▶ EXERCISE INSTRUCTIONS
Your answer must be the exact lines below, starting with the line with "(3)每年特许经营费按酒店收入的6.5%上缴,加盟后每年年末支付;" and going on through the line with "Ліжко виконане у", both included, with no pictures.

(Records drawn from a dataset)

*** Begin section ***

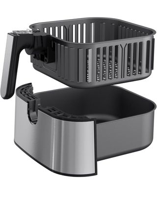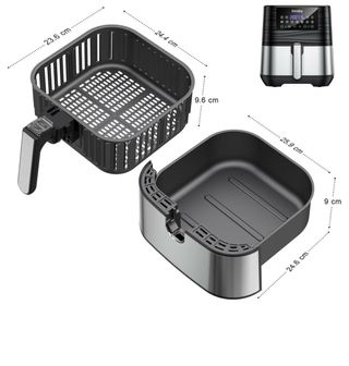 Cesta de repuesto para freidora de aire Innsky. Fabricada en metal y plástico negro. - Diseño con rejilla para una cocción uniforme. - Asa ergonómica para un fácil manejo.
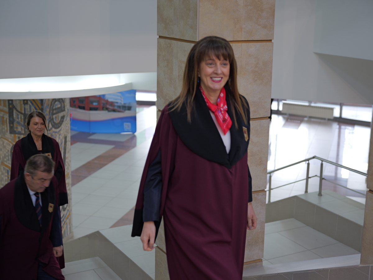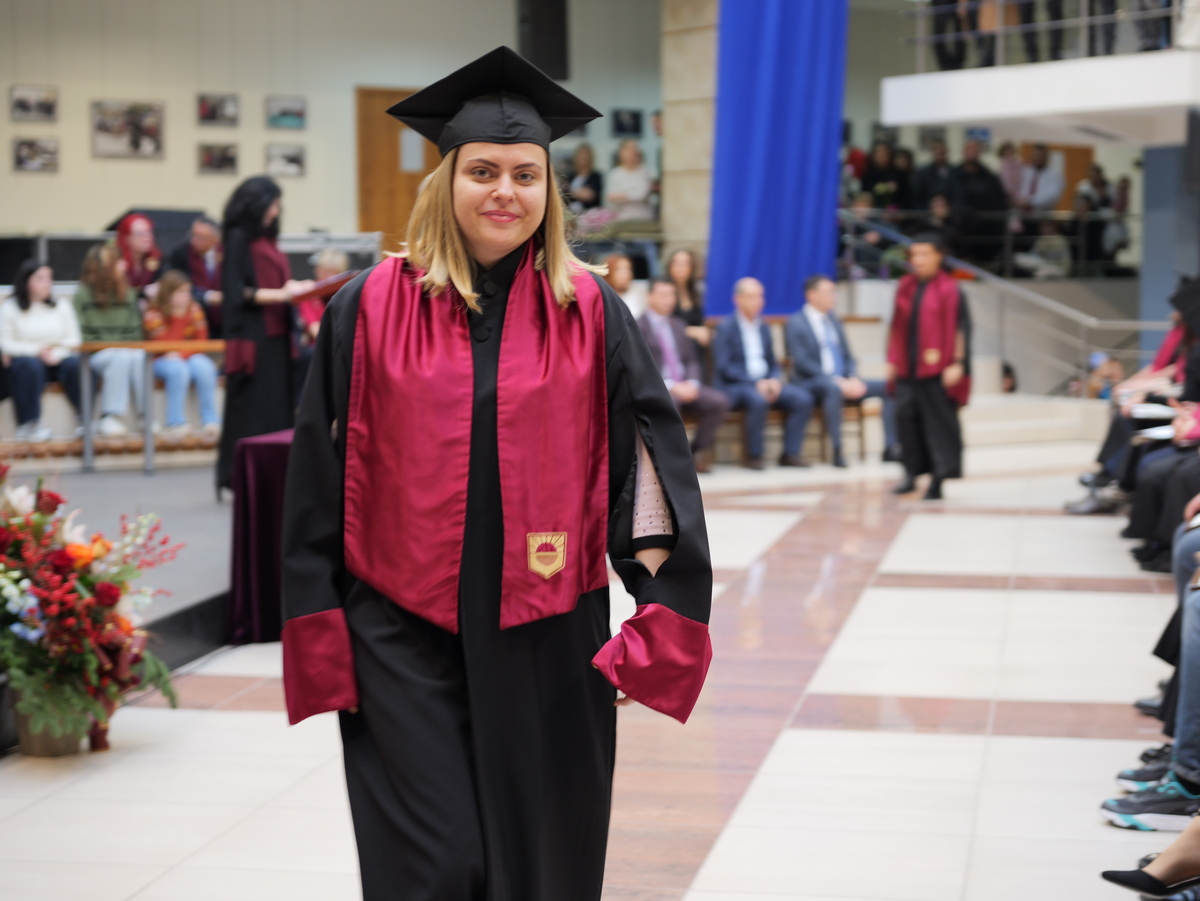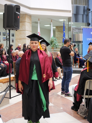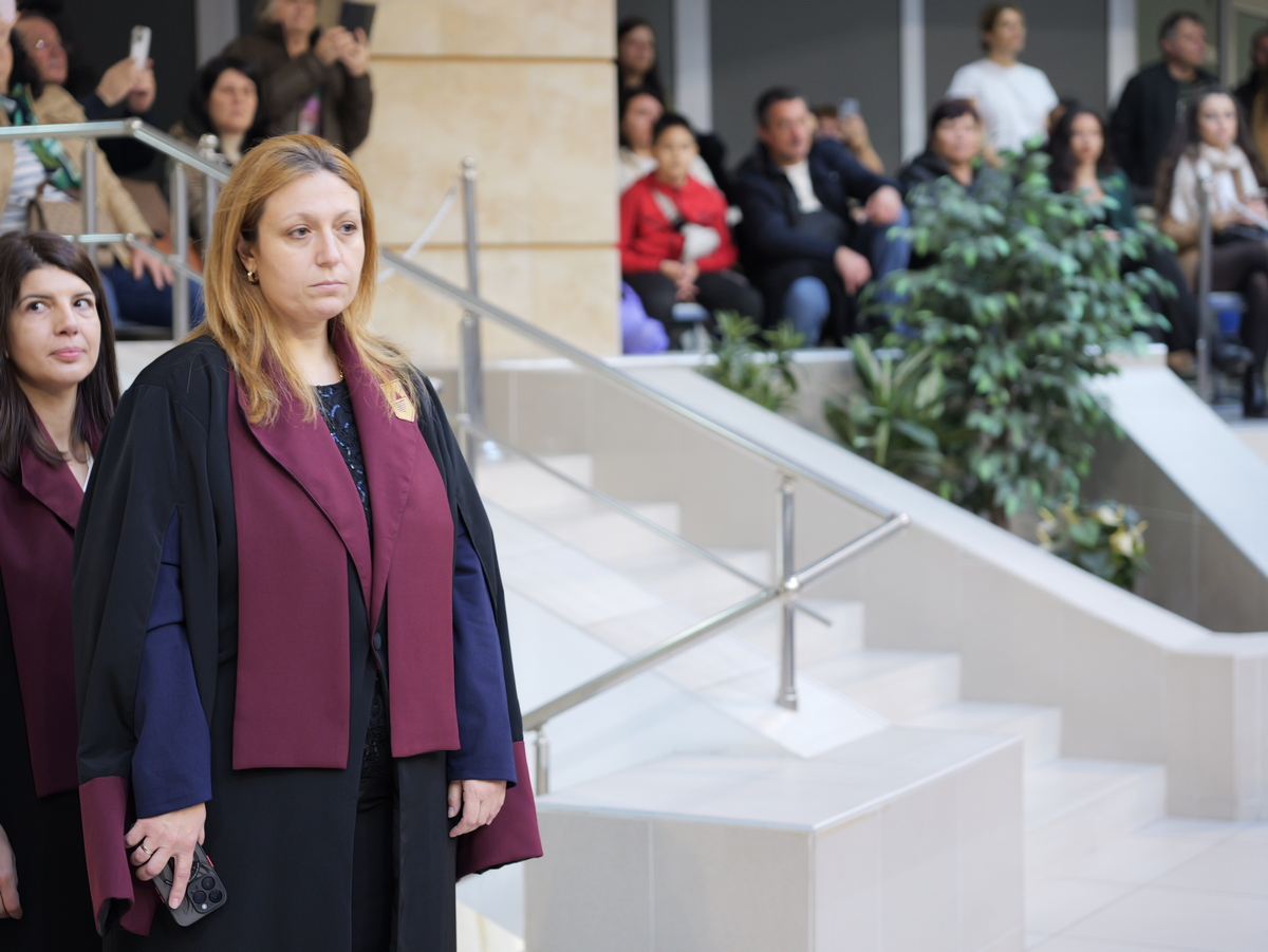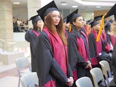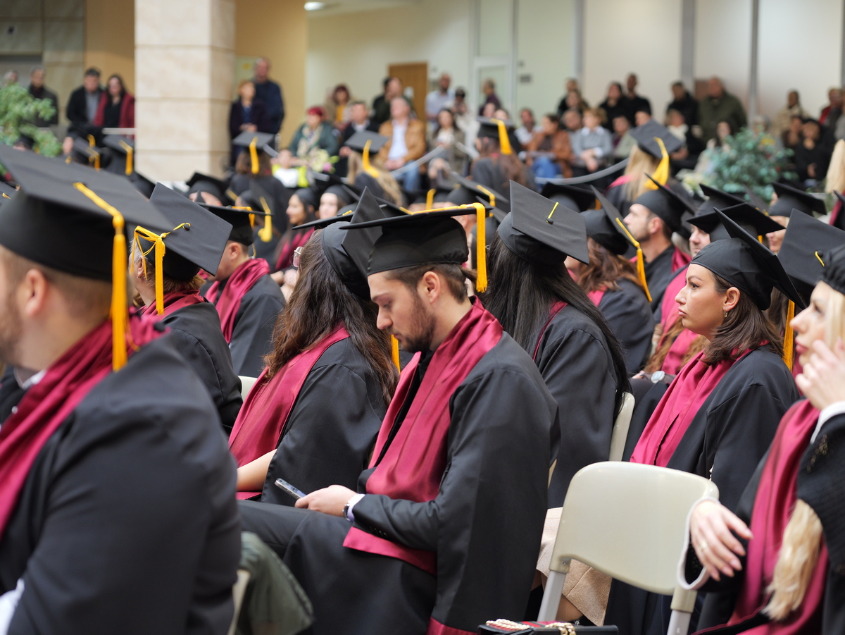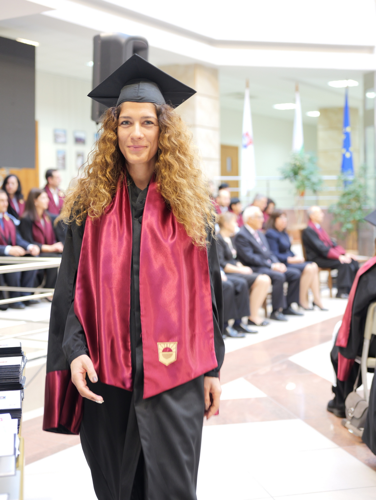 От името на абсолвентите приветствие поднесе Аля Казанджиева, магистър от специалност „Иновации и предприемачество в началното и предучилищното образование“ „Всеки от нас влиза в университета изпълнен с мечти и амбиции. Днес си тръгваме като личности, развили се чрез усилия, дисциплина, вдъхновение и непрекъснато учене. Пътят беше предизвикателен, но именно тези предизвикателства ни изградиха, както и подкрепата, насоките и отдадеността на нашите преподаватели, които стояха до нас през всяка стъпка от този път“ – каза в приветствието си Аля Казанджиева.
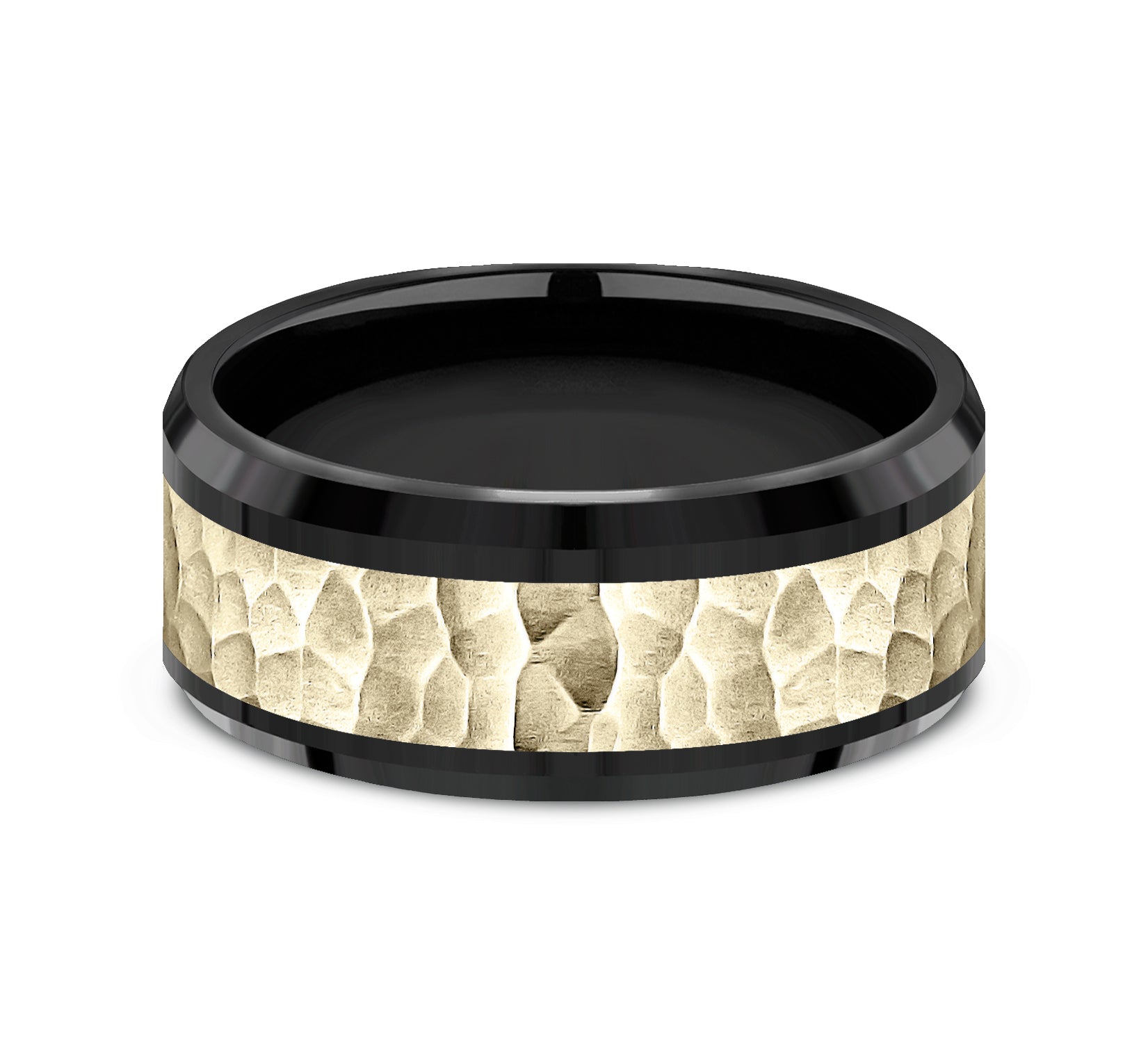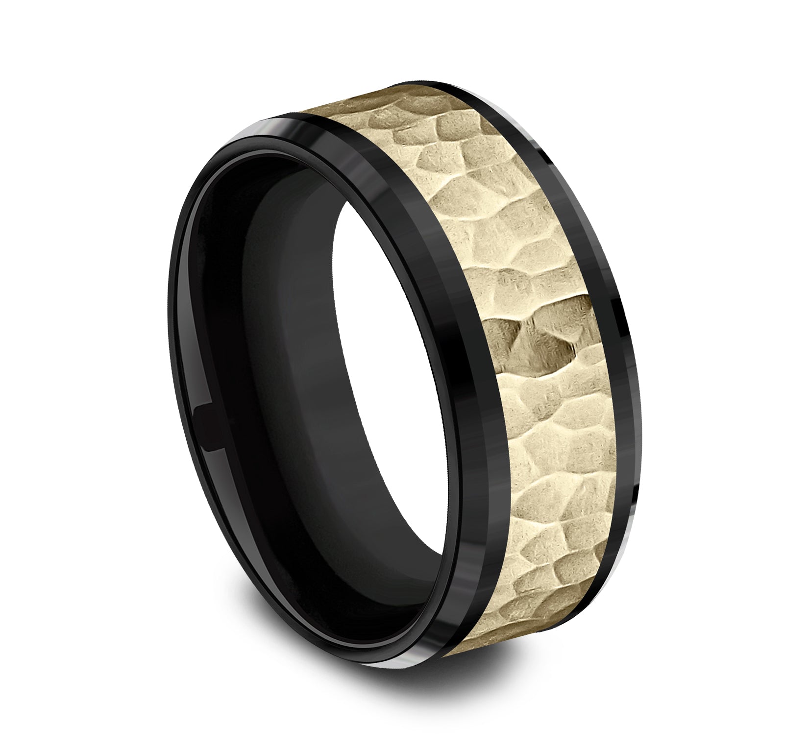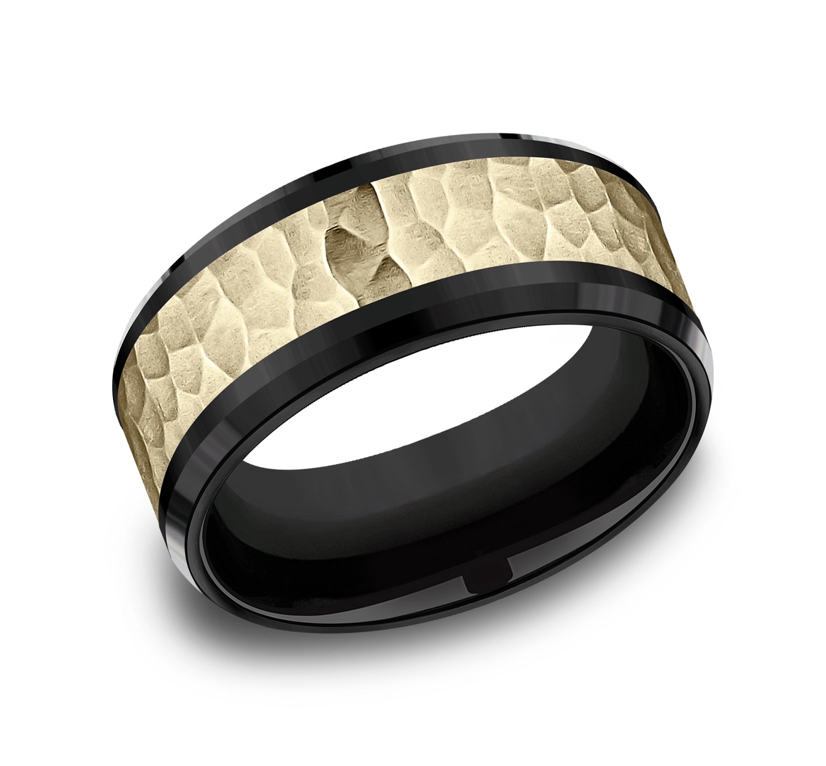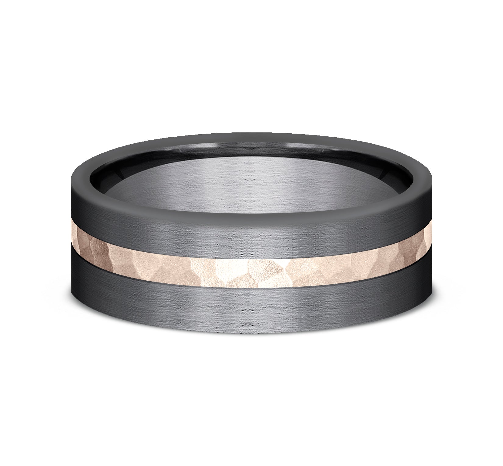 6.5mm, Comfort fit 14K White Gold and Darkened Tantalum Hammered center, polished thin edges
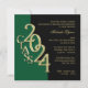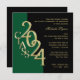 Class of 2024 printed gold and green graduation invitation or announcement with faux metallic gold year decoration in green school colours. Add a photo or additional text to reverse side of card.
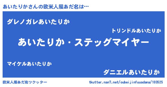 | 意味不明あだ名 | 『住所不定無職あいたりか(6歳)』 |
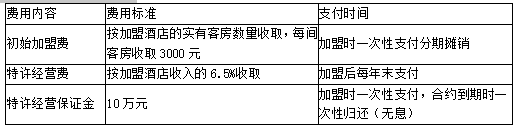 (3)每年特许经营费按酒店收入的6.5%上缴,加盟后每年年末支付;
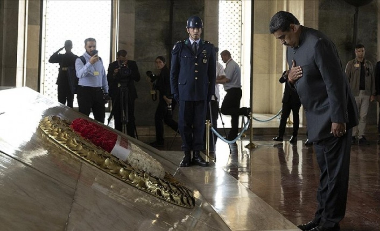 Gazi Mustafa Kemal Atatürk'ün mozolesine çelenk bırakarak saygı duruşunda bulunan Maduro, daha sonra beraberindeki heyetle hatıra fotoğrafı çektirdi.
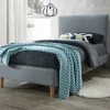 Ліжко виконане у сучасному стилі з м’якою тканинною оббивкою та стриманими лініями. Воно виглядає акуратно, не перевантажує інтер’єр і добре підходить для дитячих, підліткових або гостьових кімнат.
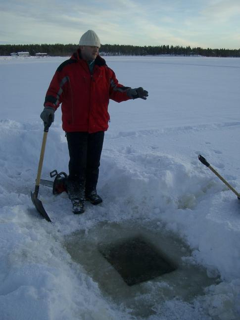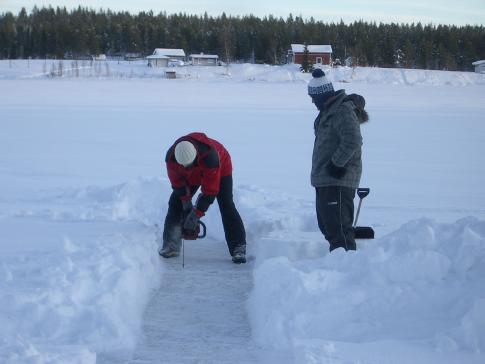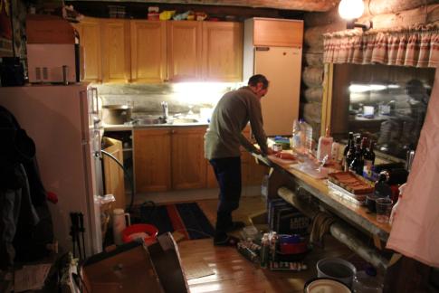 Back in Kelohovi, gings dann los... Es schien als hätten sich die Lappland-Trolle gegen uns verschworen, um uns das Leben ein wenig zu erschweren. Als erstes wollten wir mit unseren neuen Schläuchen das Wasserproblem zu lösen. Aufgrund der Länge der Leitung und abnehmenden Druckes begann das Wasser im Schlauch zu gefrieren. Diese Übung brachen wir dann relativ bald ab, um uns der nächsten Herausvorderung zu stellen. Der Ablauf in der Küche funktionierte nicht mehr. Nachdem Sanitär Ivo das gesamte Rohrsystem demontiert hatte, fanden wir heraus, dass der Ablauf vereist war. Nun gings daran das Eis zu schmelzen. Also feuerten wir aus allen Rohren: die Elektrosauna im Nebenraum auf 100 Grad, die Hütte auf 30 Grad heizen und mit kochendem Wasser direkt in den Ablauf.  |
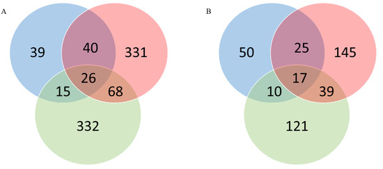 Venn diagrams for (A) the upregulated genes in the analyzed etiologies and (B) the downregulated genes in the analyzed etiologies. Blue circles: HBV patients; red circles: HCV patients; green circles: non-B, non-C patients).
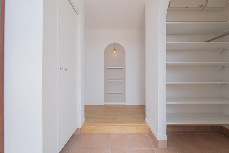 アーチと飾り棚が彩る、帰るたびに癒される玄関
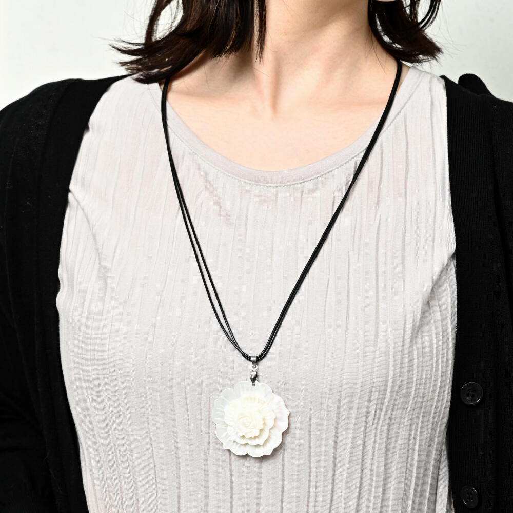 日本製 ネックレス ペンダント レディース マザーオブパール シェル 花 バラ 薔薇 葉っぱ 高級感 N

*** End section ***

▶ SOLUTION
 (3)每年特许经营费按酒店收入的6.5%上缴,加盟后每年年末支付;
 Gazi Mustafa Kemal Atatürk'ün mozolesine çelenk bırakarak saygı duruşunda bulunan Maduro, daha sonra beraberindeki heyetle hatıra fotoğrafı çektirdi.
 Ліжко виконане у сучасному стилі з м’якою тканинною оббивкою та стриманими лініями. Воно виглядає акуратно, не перевантажує інтер’єр і добре підходить для дитячих, підліткових або гостьових кімнат.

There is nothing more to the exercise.